Uno de los más elevados ejemplos de ello ha sido el de los cinco jóvenes cubanos que entregaron sus vidas al propósito de salvar a sus compatriotas, y a la humanidad toda, del flagelo terrible del terrorismo que, infiltrándose en las bandas auspiciadas por sectores extremistas de las élites del poder que rigen los destinos de Estados Unidos tienen en el sur del estado de la Florida un verdadero cuartel general de operaciones criminales.

Ellos asumieron el riesgo y, totalmente desarmados, penetraron las filas terroristas en Miami y lograron obtener las evidencias que eran necesarias para alertar a las autoridades policiales de Estados Unidos, que alegaban para su desidia, una supuesta falta de pruebas para actuar contra los preparativos criminales que Cuba venía denunciando y sufriendo dolorosamente.

Un avión civil cubano dinamitado en pleno vuelo con más de 70 pasajeros civiles a bordo, todos muertos; bombas en hoteles de turismo en Cuba con victimas mortales; asesinato en Nueva York de un diplomático cubano acreditado en la ONU, y múltiples acciones terroristas contra centros hospitalarios, escuelas y fábricas en la isla, no eran evidencia suficiente para que las autoridades estadounidenses se dispusieran a actuar contra los culpables, en evidente contubernio con éstos que frenaba a la justicia e impedía la convivencia pacífica entre ambas costas del Estrecho de la Florida.

Pero estos cinco valientes defensores de la Paz no vacilaron ante las circunstancias y en cumplimiento de su misión – con grave peligro para ellos y sus familias- penetraron las filas terroristas.
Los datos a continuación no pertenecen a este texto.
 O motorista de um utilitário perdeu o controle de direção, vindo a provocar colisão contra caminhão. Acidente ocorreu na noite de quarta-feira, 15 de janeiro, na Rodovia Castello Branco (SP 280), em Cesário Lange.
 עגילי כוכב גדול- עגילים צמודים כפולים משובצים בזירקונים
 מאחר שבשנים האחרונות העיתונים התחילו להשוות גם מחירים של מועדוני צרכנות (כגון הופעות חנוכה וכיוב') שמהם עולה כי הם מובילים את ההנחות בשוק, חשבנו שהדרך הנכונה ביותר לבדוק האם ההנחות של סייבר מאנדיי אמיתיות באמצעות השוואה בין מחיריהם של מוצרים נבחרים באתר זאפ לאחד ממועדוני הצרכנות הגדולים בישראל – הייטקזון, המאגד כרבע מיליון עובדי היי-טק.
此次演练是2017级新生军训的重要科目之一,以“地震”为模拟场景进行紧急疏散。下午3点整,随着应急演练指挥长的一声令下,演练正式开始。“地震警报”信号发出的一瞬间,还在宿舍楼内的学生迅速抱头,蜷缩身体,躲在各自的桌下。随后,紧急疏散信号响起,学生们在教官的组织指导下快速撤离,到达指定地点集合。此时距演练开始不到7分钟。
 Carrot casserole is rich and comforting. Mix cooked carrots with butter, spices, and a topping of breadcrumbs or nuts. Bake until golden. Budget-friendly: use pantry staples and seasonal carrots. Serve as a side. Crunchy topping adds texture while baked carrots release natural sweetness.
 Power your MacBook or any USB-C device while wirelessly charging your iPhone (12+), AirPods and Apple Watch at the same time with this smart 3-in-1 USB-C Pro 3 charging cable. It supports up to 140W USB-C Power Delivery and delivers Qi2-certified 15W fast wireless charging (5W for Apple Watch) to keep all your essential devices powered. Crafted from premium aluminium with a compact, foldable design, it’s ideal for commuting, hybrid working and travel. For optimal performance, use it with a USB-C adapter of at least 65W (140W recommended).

Lograron tras ello hacer llegar al gobierno de Cuba abundantes pruebas fehacientes de los preparativos terroristas para que, por canales oficiales, se pusieran éstas en manos del gobierno estadounidense en su más alto nivel.

Así se hizo, pero el control criminal del ambiente policial y político en el estado de la Florida determinó que, hace por estos días 15 años, en vez de ser arrestados los terroristas, fueran apresados los valientes denunciantes,

Luego vendría una tortuosa manipulación de los procedimientos judiciales que condujo a abultadas penas de hasta tres cadenas perpetuas sin que se hubiera probado un solo muerto, herido o hecho de violencia imputable a los inculpados.

Se escondieron pruebas que obraban en poder del gobierno de Estados Unidos que desmentían las más graves acusaciones contra los cinco cubanos acusados; se ignoró la demanda de que el juicio tuviera lugar en un lugar distinto a Miami, donde no habían las mínimas condiciones para tener un proceso justo, y se financió, con pagos ilícitos a los medios y a numerosos periodistas corruptos, una intensa campaña de prensa para asegurar un ambiente de odio contra los acusados durante el juicio. A ninguno se le pudo probar siquiera el delito de espionaje por cuanto se evidenció claramente que ellos no habían buscado ni obtenido información alguna que pusiera en peligro la seguridad de Estados Unidos sino solo aquella relacionada con los preparativos terroristas de las bandas de emigrados extremistas cubanos.

Como no podían ser acusados de algo suficientemente grave para cumplir los objetivos políticos que se proponía la fiscalía, los cargos más importantes formulados contra ellos se limitaron a la acusación de “conspiración para cometer delito” que no exigía evidencias concretas que jamás existieron.

Y, para evitar la reacción de la población estadounidense contra tan escandaloso fraude legal, en la llamada “gran prensa” – que en Estados Unidos se conoce como “mainstream media”- se aplicó una política de rígida censura a la divulgación de las actuaciones judiciales y sobre las condenas solicitadas e impuestas.

Estos bravos luchadores por la paz han estado cumpliendo de manera ejemplar, y con sus frentes en alto, sus infames condenas en prisiones dispersas por el amplio territorio estadounidense.

A uno de ellos se le reconoció el cumplimiento total de su injusta sentencia y, tras una complementaria reclusión domiciliaria en territorio de Estados Unidos, pudo regresar a su patria y su familia, no obstante lo cual los cinco se mantienen articulados solidariamente hasta que todos juntos puedan disfrutar de libertad y celebrar el cumplimiento del deber patrio.

Gerardo Hernández, Ramón Labañino, Antonio Guerrero, Fernando González y René González son paradigmas del pacifismo revolucionario, apóstoles de la lucha por la Paz cuya injusta permanencia en cárceles estadounidenses constituye un baldón imborrable para la historia del sistema de justicia en Estados Unidos.

Su resistencia y lealtad patriótica ha confirmado la capacidad de la voluntad humana de vencer a la violencia guerrerista con actos de razón y sacrificio que ningún imperio puede impedir.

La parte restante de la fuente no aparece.